Comparative analysis of OCTA parameters in cystic lesions showed that VD, VL, and FD were significant factors. Hirano et al. [16] reported that VD, VL, and FD progressively decreased with worsening DR in segmented and nonsegmented layers of 3 × 3-mm, 6 × 6-mm, and 12 × 12-mm SS-OCTA scan sizes [16]. We demonstrated the efficacy of wide-field SS-OCTA in eyes with BRVO by using parameters such as VD and VL to detect retinal nonperfusion[4, 12]. VL was first invented as a method to quantify magnetic resonance angiography [17] and has recently been applied to OCTA [18]. VL is reportedly adequate for detecting smaller vessels [4]. Hirano et al. [16] demonstrated that the area under the curve of VD decreased with the increase in scan size in eyes with DR; however, the area under the curve of VL did not decrease as much as that of VD in the progression of DR. This may be due to the larger blood vessels being involved in a larger image. The pathology of BRVO involves the microvasculature; hence, the effects of smaller vessels may be masked if the image includes larger blood vessels.
A limitation of the current study was the inclusion of patients with relatively chronic BRVO because OCTA image acquisition is difficult before retinal hemorrhages resolve. Another limitation was the retrospective and cross-sectional nature of the study; therefore, the timing of OCTA examination in the patients was not controlled. In addition, we did not perform any inter-observer or intra-observer correlation coefficient in the current study. Furthermore, anti-VEGF therapy during the follow-up period could affect the development of retinal cysts. However, we excluded eyes that received an injection 3 months before the examination.
In conclusion, wide-field SS-OCTA analysis, combined with en face OCT images, provided information on how the microvasculature changes simultaneously with the development of retinal cystic lesions, that is, decreased VD, shorter VL, and lower FD in the area of retinal cysts. The current findings contribute to the understanding of the pathophysiology of BRVO. While further studies are warranted to confirm these findings, we believe that a more cautious, individualized approach to BRVO care, with close monitoring using wide-field SS-OCTA, should be considered.
Statement of Ethics
This research was conducted ethically in accordance with the World Medical Association Declaration of Helsinki. The institutional review board of Osaka University Hospital approved the study protocol (approval number: 09260), and informed consent was obtained from the patients after an explanation of the nature and possible consequences of the study.
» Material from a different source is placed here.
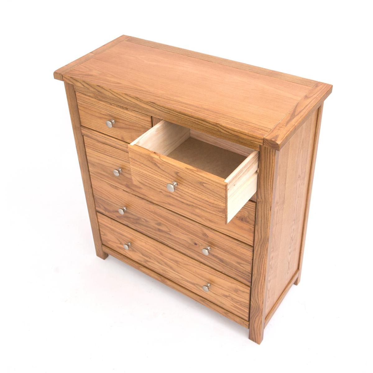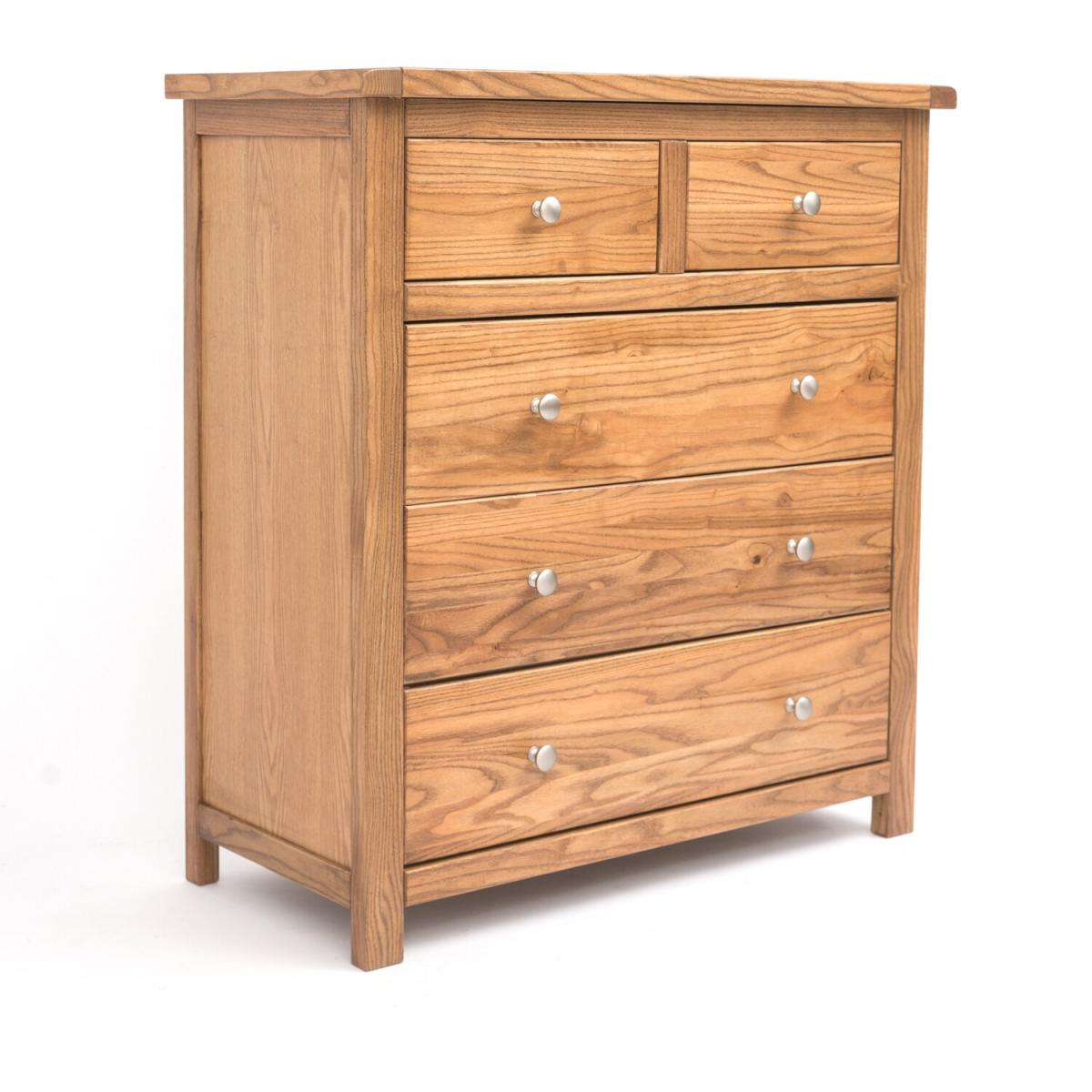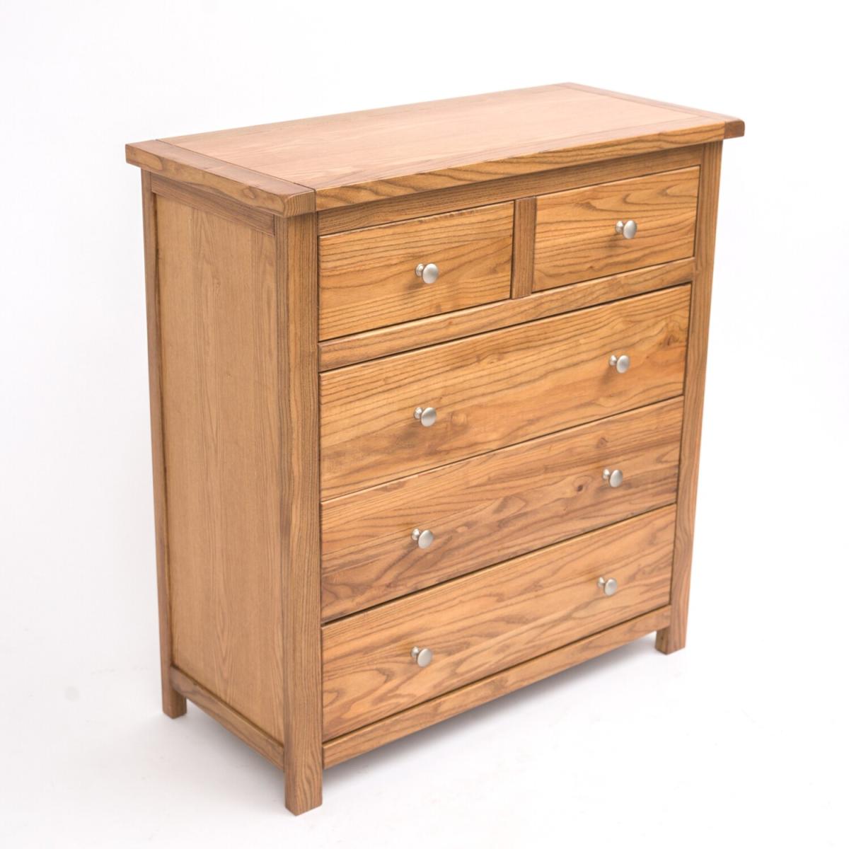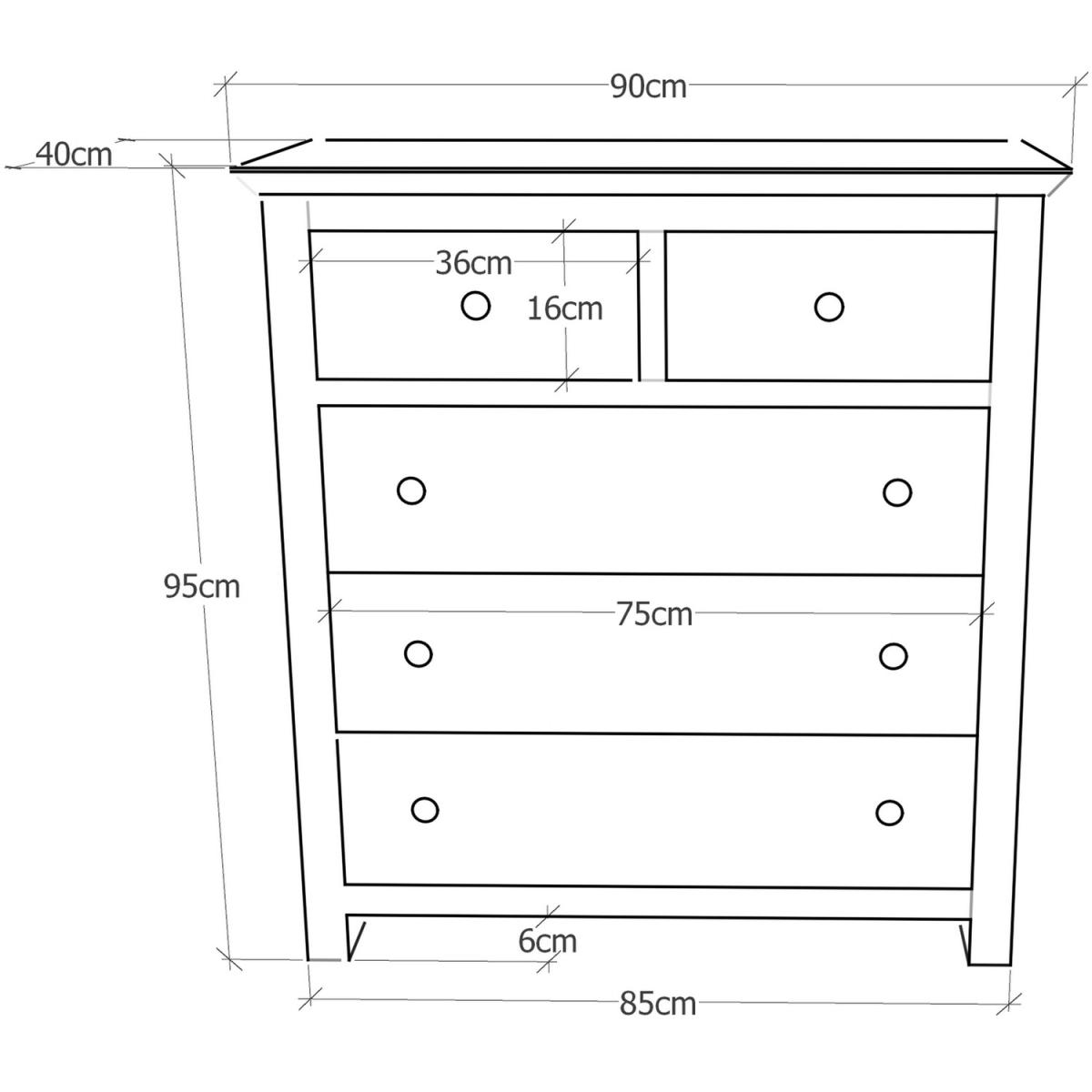 Our Trivento collection has a simple but pleasing design and is produced by our skilled craftsmen to the highest standards using responsibly sourced solid wood and veneers. All items are made using a combination of solid hard wood and veneers and are carefully hand finished on a light colour using a high quality eco friendly water base lacquer. A useful 2 over 3 drawer chest for your bedroom or elsewhere in your home. The 2 smaller size drawers have plenty of space to store your underwear while the 3 bigger drawers will take your folded clothes, gymwear or indeed bedding and towels to keep your home organised. The space on top is perfect for a matching mirror or indeed displaying your favourite family photos. The top has a 3cm thick solid wood frame, making it extremely sturdy. Added to these features is a simple construction for easy home assembly, making it a great value product to be taken home today.

Conflict of Interest Statement
The authors declare no competing interests.
Funding Sources
There is no funding resource.
Author Contributions
Conception and design: Satoko Araki and Susumu Sakimoto. Analysis and interpretation: Satoko Araki, Susumu Sakimoto, and Daiki Shiozaki. Data collection: Satoko Araki, Susumu Sakimoto, Daki Shiozaki, Chihiro Ueda, Chikako Hara, Yoko Fukushima, and Kaori Sayanagi. Supervision: Hirokazu Sakaguchi and Kohji Nishida. All authors reviewed the manuscript.
Data Availability Statement
All data generated or analyzed during this study are included in this article. Further inquiries can be directed to the corresponding author.